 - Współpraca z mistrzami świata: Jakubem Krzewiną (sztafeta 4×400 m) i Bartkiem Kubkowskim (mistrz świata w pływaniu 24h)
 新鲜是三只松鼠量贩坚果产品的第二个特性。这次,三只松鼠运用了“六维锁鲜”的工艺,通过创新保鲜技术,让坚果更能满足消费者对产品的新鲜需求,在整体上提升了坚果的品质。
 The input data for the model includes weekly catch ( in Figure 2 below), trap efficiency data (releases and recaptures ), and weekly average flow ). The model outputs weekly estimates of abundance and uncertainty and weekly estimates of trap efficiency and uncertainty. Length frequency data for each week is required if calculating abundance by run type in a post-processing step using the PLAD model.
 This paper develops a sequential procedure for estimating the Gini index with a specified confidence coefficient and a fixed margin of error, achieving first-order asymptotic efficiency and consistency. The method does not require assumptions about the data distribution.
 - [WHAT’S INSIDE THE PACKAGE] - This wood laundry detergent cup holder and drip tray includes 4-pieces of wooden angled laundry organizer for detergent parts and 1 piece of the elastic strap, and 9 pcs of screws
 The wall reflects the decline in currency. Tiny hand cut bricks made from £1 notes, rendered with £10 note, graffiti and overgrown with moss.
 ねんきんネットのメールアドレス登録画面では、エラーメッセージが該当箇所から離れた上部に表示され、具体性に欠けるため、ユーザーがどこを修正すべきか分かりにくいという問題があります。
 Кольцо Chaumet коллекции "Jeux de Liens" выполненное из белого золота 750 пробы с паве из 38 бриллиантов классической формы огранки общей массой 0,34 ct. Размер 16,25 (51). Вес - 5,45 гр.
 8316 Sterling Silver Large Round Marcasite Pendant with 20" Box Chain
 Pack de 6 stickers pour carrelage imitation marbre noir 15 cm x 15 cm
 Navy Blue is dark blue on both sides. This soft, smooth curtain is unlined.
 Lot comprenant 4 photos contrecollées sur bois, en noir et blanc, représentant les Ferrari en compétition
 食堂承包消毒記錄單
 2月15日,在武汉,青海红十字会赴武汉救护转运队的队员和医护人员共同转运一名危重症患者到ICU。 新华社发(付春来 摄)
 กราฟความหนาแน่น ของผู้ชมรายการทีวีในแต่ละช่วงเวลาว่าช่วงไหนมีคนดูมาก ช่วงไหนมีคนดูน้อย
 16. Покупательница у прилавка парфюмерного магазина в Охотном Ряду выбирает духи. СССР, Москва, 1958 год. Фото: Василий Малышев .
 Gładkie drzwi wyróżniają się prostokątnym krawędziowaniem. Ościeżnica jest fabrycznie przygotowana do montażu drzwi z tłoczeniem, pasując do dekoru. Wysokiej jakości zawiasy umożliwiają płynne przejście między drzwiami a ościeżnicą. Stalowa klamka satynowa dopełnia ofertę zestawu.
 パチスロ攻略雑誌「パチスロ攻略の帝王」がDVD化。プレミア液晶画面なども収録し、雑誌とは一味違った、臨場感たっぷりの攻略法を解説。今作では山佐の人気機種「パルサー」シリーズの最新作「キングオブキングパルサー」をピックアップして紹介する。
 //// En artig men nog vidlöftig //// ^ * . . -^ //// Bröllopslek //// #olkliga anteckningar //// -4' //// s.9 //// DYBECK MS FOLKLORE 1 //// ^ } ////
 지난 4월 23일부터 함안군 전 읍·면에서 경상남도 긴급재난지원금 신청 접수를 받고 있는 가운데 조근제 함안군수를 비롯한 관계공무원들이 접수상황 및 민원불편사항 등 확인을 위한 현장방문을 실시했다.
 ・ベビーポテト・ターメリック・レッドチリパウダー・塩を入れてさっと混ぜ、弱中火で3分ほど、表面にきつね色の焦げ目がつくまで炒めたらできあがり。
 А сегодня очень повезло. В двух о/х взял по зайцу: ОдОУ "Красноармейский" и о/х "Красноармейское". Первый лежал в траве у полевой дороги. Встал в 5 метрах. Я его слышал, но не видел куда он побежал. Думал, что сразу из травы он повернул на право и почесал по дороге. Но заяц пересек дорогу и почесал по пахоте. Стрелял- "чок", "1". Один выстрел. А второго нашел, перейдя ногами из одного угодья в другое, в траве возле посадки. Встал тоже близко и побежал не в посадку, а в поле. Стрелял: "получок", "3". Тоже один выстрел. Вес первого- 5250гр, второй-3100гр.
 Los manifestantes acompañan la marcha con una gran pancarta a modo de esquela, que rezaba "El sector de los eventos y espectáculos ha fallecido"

● Work to complete
Copy out the data exactly, keeping each line whole.

● Output of the task
 - Współpraca z mistrzami świata: Jakubem Krzewiną (sztafeta 4×400 m) i Bartkiem Kubkowskim (mistrz świata w pływaniu 24h)
 新鲜是三只松鼠量贩坚果产品的第二个特性。这次,三只松鼠运用了“六维锁鲜”的工艺,通过创新保鲜技术,让坚果更能满足消费者对产品的新鲜需求,在整体上提升了坚果的品质。
 The input data for the model includes weekly catch ( in Figure 2 below), trap efficiency data (releases and recaptures ), and weekly average flow ). The model outputs weekly estimates of abundance and uncertainty and weekly estimates of trap efficiency and uncertainty. Length frequency data for each week is required if calculating abundance by run type in a post-processing step using the PLAD model.
 This paper develops a sequential procedure for estimating the Gini index with a specified confidence coefficient and a fixed margin of error, achieving first-order asymptotic efficiency and consistency. The method does not require assumptions about the data distribution.
 - [WHAT’S INSIDE THE PACKAGE] - This wood laundry detergent cup holder and drip tray includes 4-pieces of wooden angled laundry organizer for detergent parts and 1 piece of the elastic strap, and 9 pcs of screws
 The wall reflects the decline in currency. Tiny hand cut bricks made from £1 notes, rendered with £10 note, graffiti and overgrown with moss.
 ねんきんネットのメールアドレス登録画面では、エラーメッセージが該当箇所から離れた上部に表示され、具体性に欠けるため、ユーザーがどこを修正すべきか分かりにくいという問題があります。
 Кольцо Chaumet коллекции "Jeux de Liens" выполненное из белого золота 750 пробы с паве из 38 бриллиантов классической формы огранки общей массой 0,34 ct. Размер 16,25 (51). Вес - 5,45 гр.
 8316 Sterling Silver Large Round Marcasite Pendant with 20" Box Chain
 Pack de 6 stickers pour carrelage imitation marbre noir 15 cm x 15 cm
 Navy Blue is dark blue on both sides. This soft, smooth curtain is unlined.
 Lot comprenant 4 photos contrecollées sur bois, en noir et blanc, représentant les Ferrari en compétition
 食堂承包消毒記錄單
 2月15日,在武汉,青海红十字会赴武汉救护转运队的队员和医护人员共同转运一名危重症患者到ICU。 新华社发(付春来 摄)
 กราฟความหนาแน่น ของผู้ชมรายการทีวีในแต่ละช่วงเวลาว่าช่วงไหนมีคนดูมาก ช่วงไหนมีคนดูน้อย
 16. Покупательница у прилавка парфюмерного магазина в Охотном Ряду выбирает духи. СССР, Москва, 1958 год. Фото: Василий Малышев .
 Gładkie drzwi wyróżniają się prostokątnym krawędziowaniem. Ościeżnica jest fabrycznie przygotowana do montażu drzwi z tłoczeniem, pasując do dekoru. Wysokiej jakości zawiasy umożliwiają płynne przejście między drzwiami a ościeżnicą. Stalowa klamka satynowa dopełnia ofertę zestawu.
 パチスロ攻略雑誌「パチスロ攻略の帝王」がDVD化。プレミア液晶画面なども収録し、雑誌とは一味違った、臨場感たっぷりの攻略法を解説。今作では山佐の人気機種「パルサー」シリーズの最新作「キングオブキングパルサー」をピックアップして紹介する。
 //// En artig men nog vidlöftig //// ^ * . . -^ //// Bröllopslek //// #olkliga anteckningar //// -4' //// s.9 //// DYBECK MS FOLKLORE 1 //// ^ } ////
 지난 4월 23일부터 함안군 전 읍·면에서 경상남도 긴급재난지원금 신청 접수를 받고 있는 가운데 조근제 함안군수를 비롯한 관계공무원들이 접수상황 및 민원불편사항 등 확인을 위한 현장방문을 실시했다.
 ・ベビーポテト・ターメリック・レッドチリパウダー・塩を入れてさっと混ぜ、弱中火で3分ほど、表面にきつね色の焦げ目がつくまで炒めたらできあがり。
 А сегодня очень повезло. В двух о/х взял по зайцу: ОдОУ "Красноармейский" и о/х "Красноармейское". Первый лежал в траве у полевой дороги. Встал в 5 метрах. Я его слышал, но не видел куда он побежал. Думал, что сразу из травы он повернул на право и почесал по дороге. Но заяц пересек дорогу и почесал по пахоте. Стрелял- "чок", "1". Один выстрел. А второго нашел, перейдя ногами из одного угодья в другое, в траве возле посадки. Встал тоже близко и побежал не в посадку, а в поле. Стрелял: "получок", "3". Тоже один выстрел. Вес первого- 5250гр, второй-3100гр.
 Los manifestantes acompañan la marcha con una gran pancarta a modo de esquela, que rezaba "El sector de los eventos y espectáculos ha fallecido"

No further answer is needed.